In the first half hour Union had imposed themselves on their guests, but too often failed to pass the final necessary ball to a teammate. It’s the same old song. Football is a simple game, and it’s basics are it’s bedrock. Ball to feet, pick up your man. Neither of these were happening enough. There were a couple of lovely cameos, with Kolk particularly showing his grace and silky touch but the ball too often landed at the feet of the opposition.

Uwe Neuhaus’ 4-3-3 provided attacking guile, but too little width. Things were already clogged up in midfield when Sebastian Tyrala sized up a 35-yard free kick after half an hour. He hit it flat, a daisy cutter that caught everybody off guard. Well, apart from Tobias Nickenig, who had ghosted away from his marker and was all alone to chip the ball over Höttecke’s despairing lunge. It was too simple. A well worked training ground routine, not totally dissimilar to when Javier Zanetti peeled out of the wall to score against England in the World Cup all those years ago (why do I do this to myself?). He should have been picked up. The Union defence looked around at each other incredulously. It was someone else’s fault, surely?

A second free kick from Tyrala was bent beautifully inside the right hand upright shortly after the start of the second half. Two nil. The people of Köpenick, who have seen this all before, didn’t know whether to laugh or cry. This was supposed to be a celebration.

Union wouldn’t be Union if they didn’t make things interesting. The fans know that there is always a chance at redemption, and that their heroes won’t let them get too bored. Christian Stuff, the tallest man on the field headed an absurdly high and looping corner from Mattuschka in. A minute later Santi Kolk, who was actually offside by an inch, insouciantly swept home a Peitz flick on as the world turned underneath him, 2-2 and Union were dismissing all of the bad thoughts. It was Osnabrück’s defenders wondering what they were supposed to be doing. The substitution of Ede for Parensen had helped. Union had width where there had previously been none, and he too poked home as the away penalty area became a bedlam of disarray: 3-2. Easy.

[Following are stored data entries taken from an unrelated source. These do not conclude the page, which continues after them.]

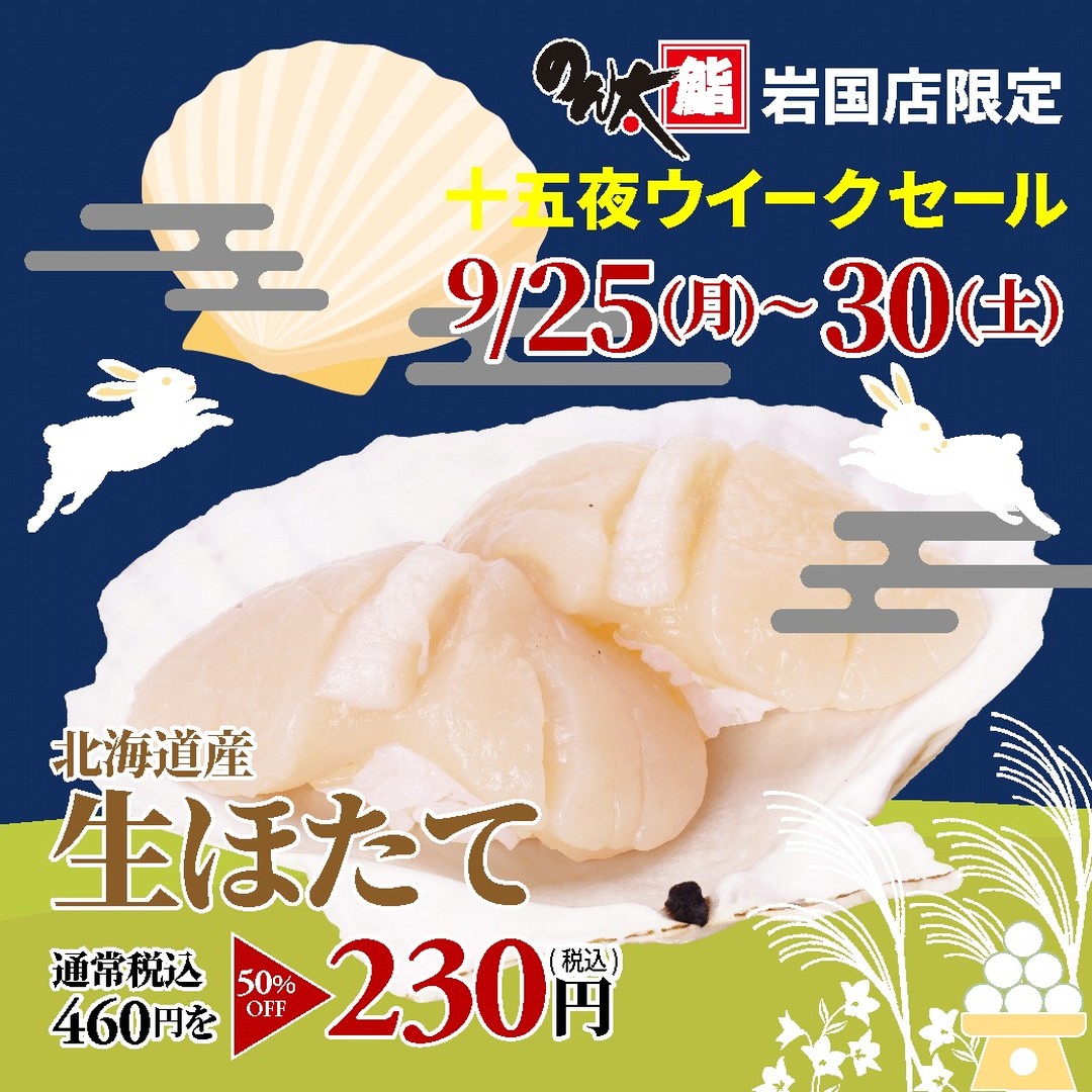 🍣のん太鮨岩国店では本日9月25日(月)から30日(土)まで、「北海道産生ほたて」通常税込460円を半額の税込230円で販売します。※店内でのお召し上がりに限ります。
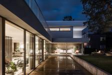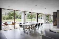The concrete load bearing walls are left exposed in the interior spaces. The window frames and doors made of oak, create a warm counterpart for the concrete surfaces. The artworks on the walls add a splash of color for the interior.
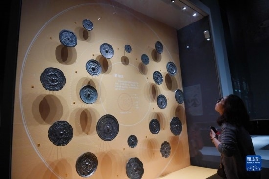 5月8日,游客在西安博物院參觀展出的銅鏡。
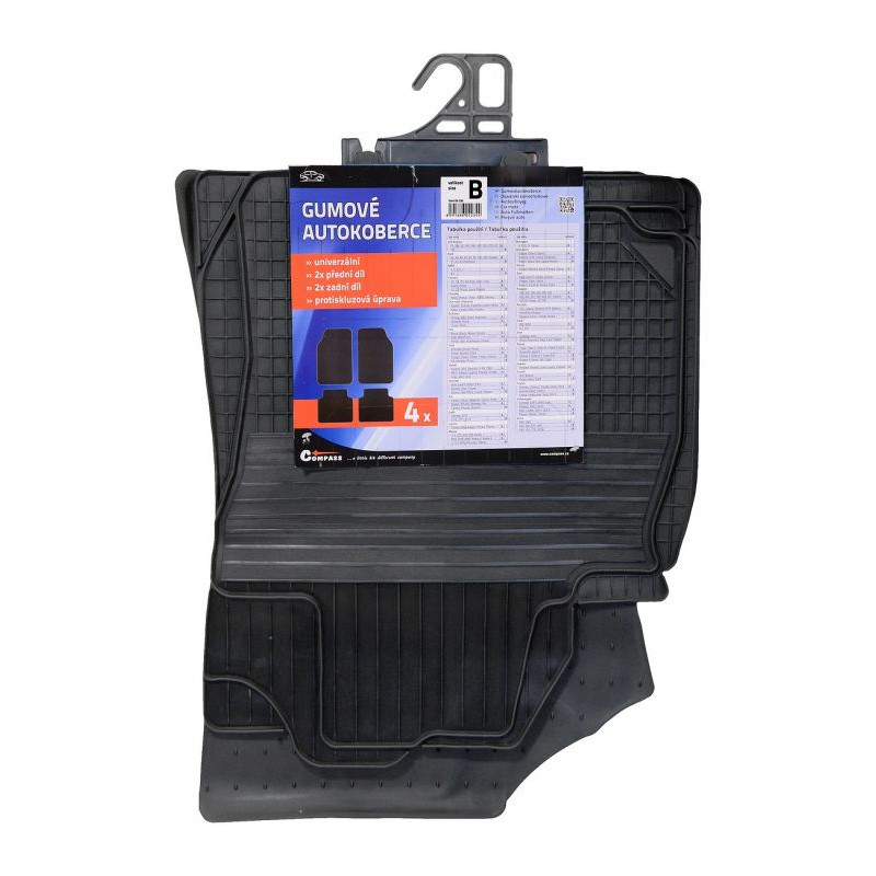 Súprava 2x predný diel + 2x zadný diel univerzálnych gumových autokobercov s protišmykovou úpravou. Vďaka jedinečnému tvaru kobercov a systému prelisov, v ktorých je možné časť koberca oddeliť nožnicami, sú tieto autokoberce univerzálne pre celý rad vozidiel.

Easy, Union? Never. Daniel Göhlert waved the ball along with a sleight of knee in the general direction of his helpless ‘keeper, Nicky Adler skipped on to it, rounded Höttecke beautifully and finished: 3-3.

Union are, after all, EastEnders. And the plot lines conceived out in a forest in Köpenick are just as ridiculous. There was still time for stuff to hit the bar from 25 yards and for VFL’s Björn Lindemann to handle in his own box. Penalty. The word Chris Waddle still can’t say, and that Lothar Matthaus wishes he could use as a method of settling divorces rather than having to go to court. He would always win.

Who else? Whose free kick had beaten Hertha, and whose song is the most frequently sung? Torsten. Mattuschka. Penalty.

Needless to say it sailed over the bar and into his stunned, yet still adoring fans. It was to remain 3-3. A game that Union couldn’t lose had turned into a cheap paperback thriller. And everybody knows that is the reason why the Union faithful are so faithful. They must need the Calvinistic self harming – maybe it’s this every week or sticking forks in your legs. That’s why they do it to themselves.